Всплывшая в памяти фамилия потянула новые воспоминания. Ребров мысленно перебирал записки Веркина, разговоры во время работы. Оказывается, они с Веркиным давно уже веревочкой связаны. Веркин из кожи лез, помогая строить измеритель, а потом как бы невзначай попросил денег. И не упускал возможности позлословить про Воронова, и следы пожара скрыл. Фу, как мерзко! Ребров поморщился. Он ведь так гордился, что ему никто не нужен, что он сам, все сам! А выходит… Веркин все время рядом был. И даже не как оруженосец, а вроде бы друг…

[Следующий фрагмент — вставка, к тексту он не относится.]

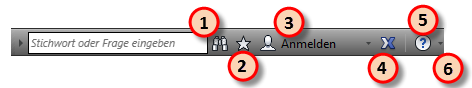 Das InfoCenter befindet sich in der oberen rechten Ecke der Benutzeroberfläche. Es ist Ihre Verbindung zu Informationen und Neuigkeiten von Autodesk®.
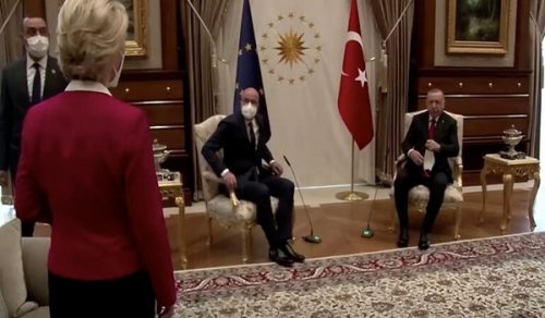 وفيما يرى البعض أن ما حدث في تركيا لا يتجاوز حدود الخطأ البروتوكولي، يذهب البعض الآخر للقول بأن الأمر عبارة عن مسألة سياسية خطيرة متهما الرئيس التركي بمحاولة إذلال الأوروبيين، بحسبما أفادت وكالة آكي الإيطالية للأنباء.

Ребров сердито завозился на сиденье, тяжело навалился на руль. «Да, — сказал про себя, усмехаясь, — есть у меня опора в жизни — Веркин. Если кому что надо, пусть через него действует. Он и записочку передаст, и растолкует, что и как надо понимать. Подчеркнет даже некоторые слова, чтобы, чего доброго, не запутаться…» И снова задвигался, тяжело, неспокойно.
Вспомнил, как из парткома пришел на кафедру. В преподавательской никого, но дверь в боковую комнату, к Дроздовскому, была открыта. Он заглянул. Дроздовский оторвался от бумаг, уставился на него сквозь очки. Потом молча поманил пальцем. Ребров подошел и тоже ничего не говорил. И Дроздовский по-прежнему молчал, тер платком окуляры. Наконец вымолвил: «Когда на работу?» Это рассердило, захотелось даже нагрубить: «У вас, товарищ полковник, только работа на уме, вам бы кнутик еще в руки, погонять!» Но сдержался, хоть и отвечал на вопросы в повышенном тоне. Теперь это понятно — зря. Один ведь только Дроздовский и спросил о том, о чем надо было спросить, только он думал не о прошлом, а о настоящем, вернее, о будущем, о его работе. Он один не ранил, а лечил душу грубоватым словом: «Давай поправляйся — и сразу на стенд. Надо дело кончать. Интересные тут задачки есть, новые». Прикидывался Дроздовский или впрямь знал, что будет дальше? Дадут теперь ему, штрафнику Реброву, работать в лаборатории или всыплют по первое число да и ушлют куда-нибудь с понижением?